§ **Given information**:
-- Opening Marker --

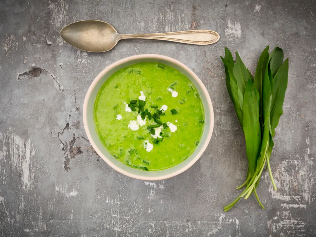 ajouter à la soupe l'ail d'ours, la crème et un peu de jus de citron. mixer le tout et servir.
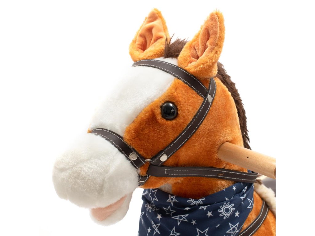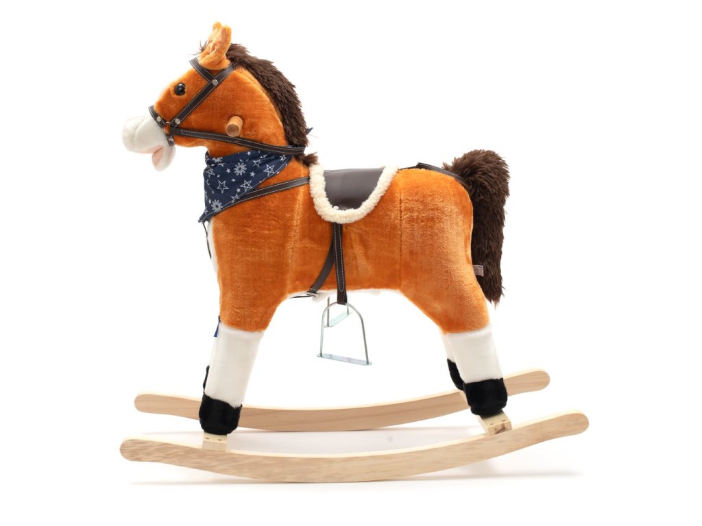 Neobyčajne krásny hojdací koník s červenou šatkou na krku. Po stlačení ušiek koník zavrtí chvostíkom, otvára ústa, vydáva zvuky klusajícího koňa alebo spieva pesničku. Pohodlné sedlo, pevná uzda, drevené rukoväte alebo kovové strmene zaistia vašim kovbojom ešte väčšiu stabilitu a komfort počas hojdania. Je vyrobený z mäkkého plyšového materiálu, pevnej drevenej lišty a rukoväte, ktorú možno ľahko odskrutkovať. Batérie sa vkladajú do púzdra umiestneného na brušku koníka.
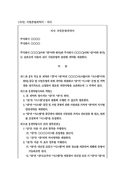 주요내용 : 계약목적, 계약당사자 역할, 업무분담, 업무내용, 영업범위 및 권한, 계약내용, 정산방법, 계약기간, 사용의 제약, 계약해지, 손해배상, 비밀보장 등 내용 기재. 단 무단전재 방지목적으로 PDF 파일로 올리니, 구매하신 후 혹 원본 파일이 필요하신 분들은 톡이나 문자, 메일, 전화 등을 주시면 작성방법 등에 대한 간단한 무료상담과 함께 원본 파일을 보내드리도록 하겠습니다.
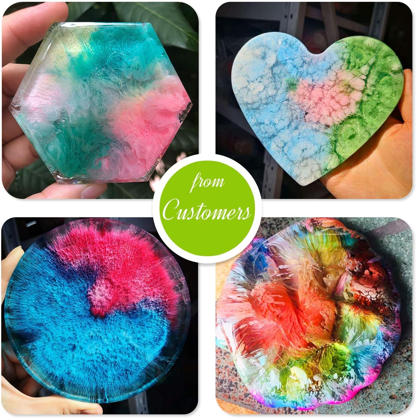 Have fun and let your imagination go wild to create all the creative DIY projects with our colorful, highly saturated, transparent inks! A wonderful selection of 10 vibrant colored alcohol ink and 2 white alcohol ink: Red, Dark Blue, Pink, Black, Yellow, Green, Purple, Blue, Brown, Teal The difference between the 2 white ink are the falling height: The ‘Middle’ white will push the color to the middle; The ‘Bottom’ white will push the color to the bottom.
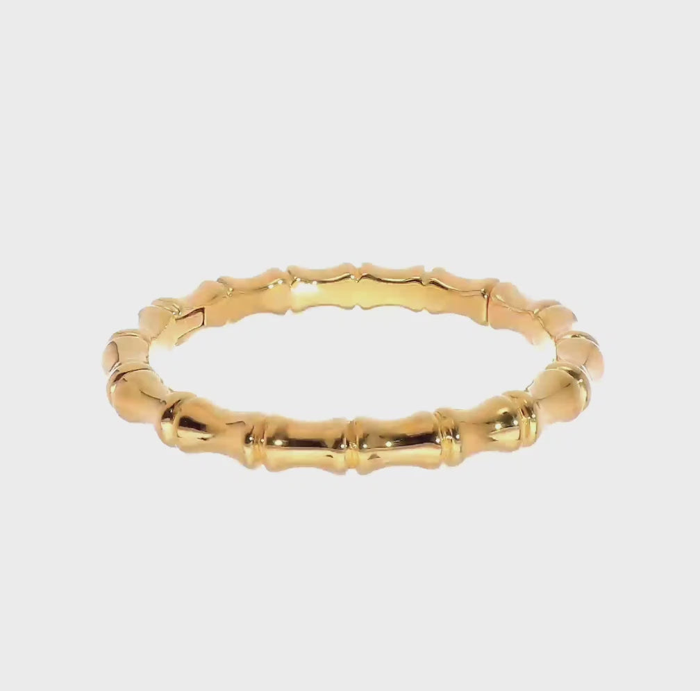 18k, 14k Gold Bamboo Hinged Chunky Bangle Bracelet for Women
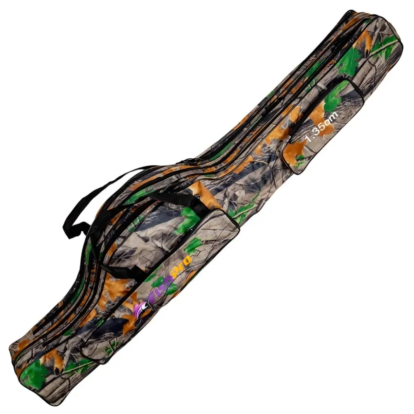 FishPro 3 Rod Sleeve Camo е троен калъф за максимална защита и удобство при пренасяне на въдиците с монтирани макари.🎣
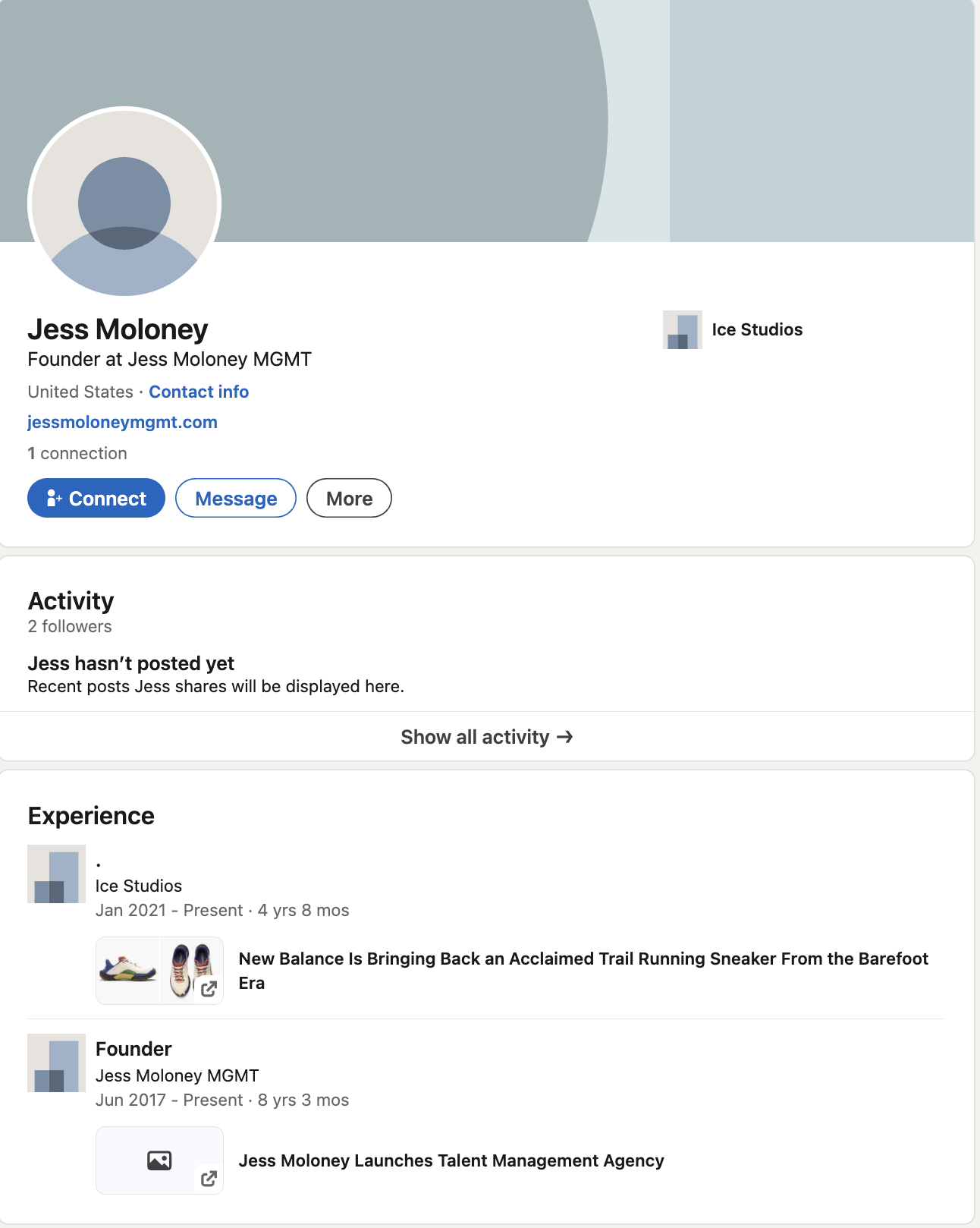 (Screenshot of Jess Moloney's LinkedIn page)

-- Closing Marker --

§ **What you have to do**:
Where a line contains "18k, 14k Gold", begin there and transcribe every line through the last one of the records above, exactly and with no pictures.

§ **Finished exercise**:
 18k, 14k Gold Bamboo Hinged Chunky Bangle Bracelet for Women
 FishPro 3 Rod Sleeve Camo е троен калъф за максимална защита и удобство при пренасяне на въдиците с монтирани макари.🎣
 (Screenshot of Jess Moloney's LinkedIn page)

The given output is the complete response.